Graham Exelby June 2023

“Visual snow is the persistent visual experience of fine acromatic dots or static in the whole visual field likened to ‘static analogue TV noise’. This frequently occurs with other visual symptoms such as persistence of previously viewed stimuli (palinopsia) and disorders of sensory perception such as migraine with or without aura, tinnitus and tremor. “(1) It is hypothesized that this is from a thalamocortical dysrhythmia of the visual pathway. (3)

It “can be associated with stress, depression and previous illicit drug use.” (1) This results in patients often being misdiagnosed and inappropriate treatments being used, or their labeled as psychiatric disorders. All of these visual symptoms “relate to an increase in sensitivity of sensory perception.”(1)

It is felt that that the underlying mechanism in visual snow is increased neuronal excitability, as described by Dean Watson in his work on migraine. This same hypersensitivity is thought to be a possible cause of tinnitus. (1) “It is further thought that in migrainous brains the hypothalamic and brainstem neurons that are responsible for regulation of responses from physiological and emotional homeostasis can lower the threshold for transmission of nociceptive (perception of pain) trigeminal vascular signals from the thalamus to the cortex (1) in the brain, and “may also explain other associated features such as autonomic symptoms (nausea), affective symptoms (irritability and depression) and cognitive symptoms (attention deficit), some of which have been previously associated with visual snow. (1)

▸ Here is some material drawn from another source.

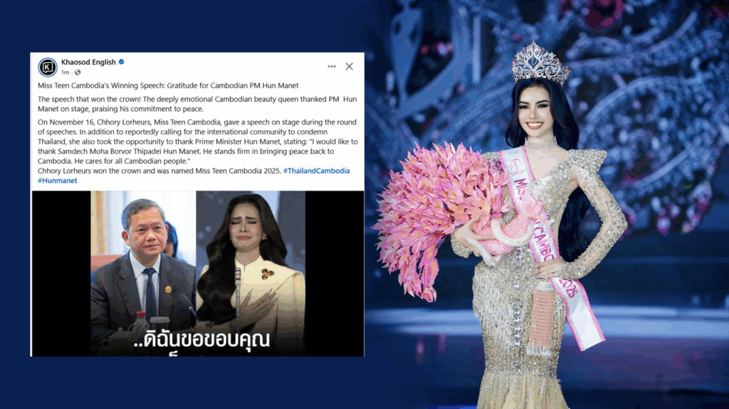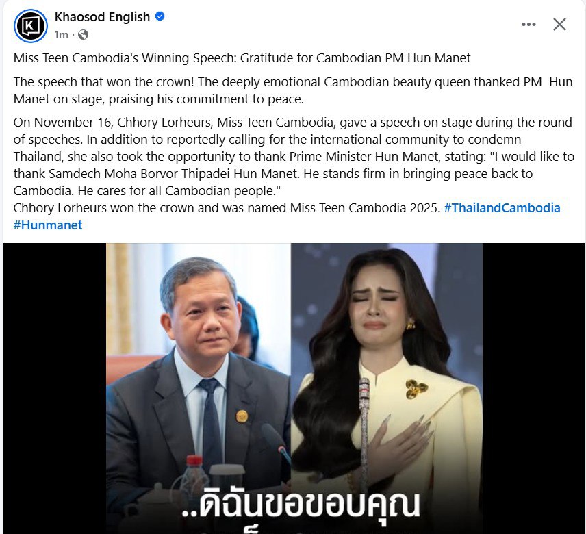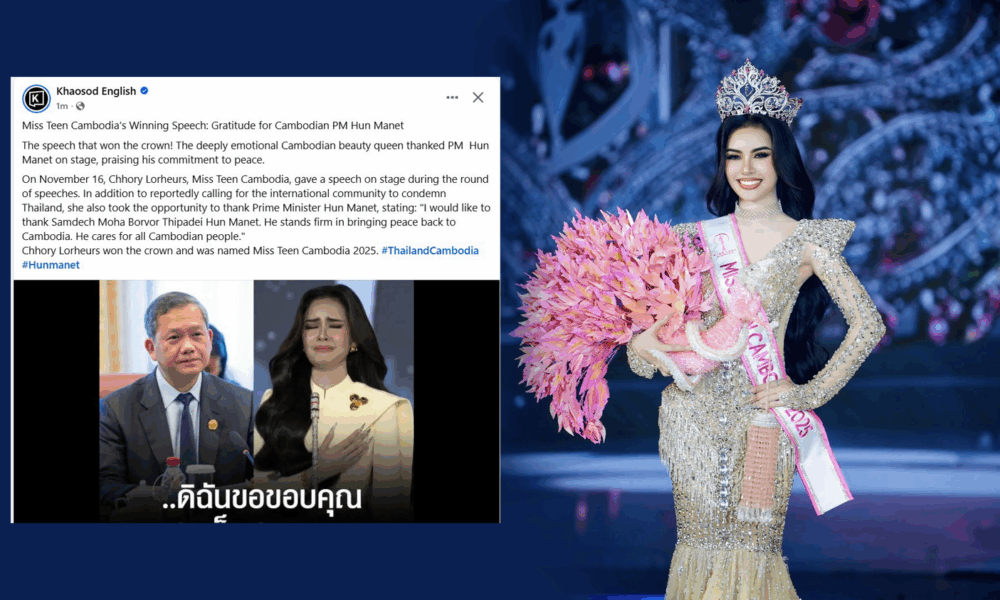 យ៉ាងណា ក្នុងខ្លឹមសារដែលបានផ្សាយ Khaosod មិនត្រឹមតែរំលេចនូវពាក្យពេចន៍ដ៏រំជួលចិត្តរបស់បវរកញ្ញាវ័យក្មេងកម្ពុជារូបនេះទេ តែក៏សង្កត់ធ្ងន់ផងដែរលើការអំពាវនាវរបស់ម្ចាស់មកុដ Miss Teen Cambodia 2025 ដែលបានសុំឱ្យសហគមន៍អន្តរជាតិថ្កោលទោសប្រទេសថៃ ជាហេតុ ធ្វើឱ្យអ្នកជ្រុលនិយមថៃបង្ហាញការខឹងសម្បារ និងឡកលើយកម្ពុជាជាថ្មី។

The pattern of this disorder is reflected and I believe best described by the cervical nerve root sensitivity in the underlying cause of migraine by Dean Watson.(2) This emerging research supports the role of a sensitised brainstem in migraines, cervicogenic, and tension headaches. The brainstem sits at the bottom of the brain, and functions as the control centre for the flow of messages between the brain and the rest of the body.

Muscles, joint capsules and ligaments of the upper neck share a common nerve pathway with the trigeminal nerve, which passes sensation from facial skin, jaw muscles, and the inner lining of the brain via the brainstem. The shared nerve pathway between the neck, face, and head supports the potential link between the upper neck and headaches or migraines.

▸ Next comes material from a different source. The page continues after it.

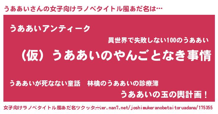 | 男性向けラノベタイトル風あだ名 | 『うああいの憂鬱』『魔弾の王とうああい』 |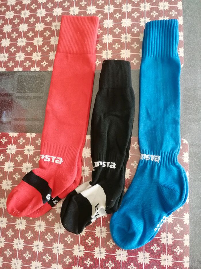 Lot de 3 paires de chaussettes de foot. Très très peu mises donc en bon état. Pointure 27/30. De chez décathlon.

“The cervical afferents of C1-3 are the reason we get increased sensitisation of the brainstem. The common pathway with the Trigeminal nerve will present as the head pain or facial pain (Headache) plus associated symptoms of dizziness and nausea etc (C2/3). The head pain is a representation of the input from the cervical afferent nerves C1-3. This constant input will reduce the latency period (ie someone will get symptoms earlier than the normal person). This constant input then causes the brainstem to become sensitised and effectively “ready to go” with small input. This is why small variations (small C2 rotation perhaps from bad posture) or triggers will bring on large changes so quickly. “(2)

Genetic information points to the involvement of transient receptor potential (TRP) channels in pain mechanism. TRPA1, an ion channel on the trigeminal (and most other sensory) nerves is the major oxidative threat sensor. It is activated by various irritants and agents releasing the pro-migraine peptide, calcitonin gene-related peptide through this nerve pathway. TRPA1 agonists release chemicals that cause vascular dilation.

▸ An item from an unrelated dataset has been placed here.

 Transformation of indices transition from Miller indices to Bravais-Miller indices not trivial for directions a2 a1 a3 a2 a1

Working out the things that are triggering the body’s threat receptors (Toll-like receptors) is critical to dealing with these problems. The work by Dean Watson and other researchers eg Roger O’Toole has changed the way we look at migraine, and I believe, should also be applied to Visual Snow. But as in migraine, once these processes are activated, and brainstem sensitization has occurred, other potential drivers come into play. But each one you remove can improve the quality of life in someone with this immeasurably.

1. Lauschke,J., Plant, G., Fraser, C.: Visual Snow: A thalamocortical dysrhymia of the visual pathway?. Journal of Clinical Neuroscience 28 (2016) 123-127.

3. Lauschke,J, Plant,J, Fraser,C. Visual snow: A thalamocortical dysrhythmia of the visual pathway? 2015. Journal of Clinical Neuroscience. doi: 10.1016/j.jocn.2015.12.001. Epub 2016 Jan 11. PMID: 26791474.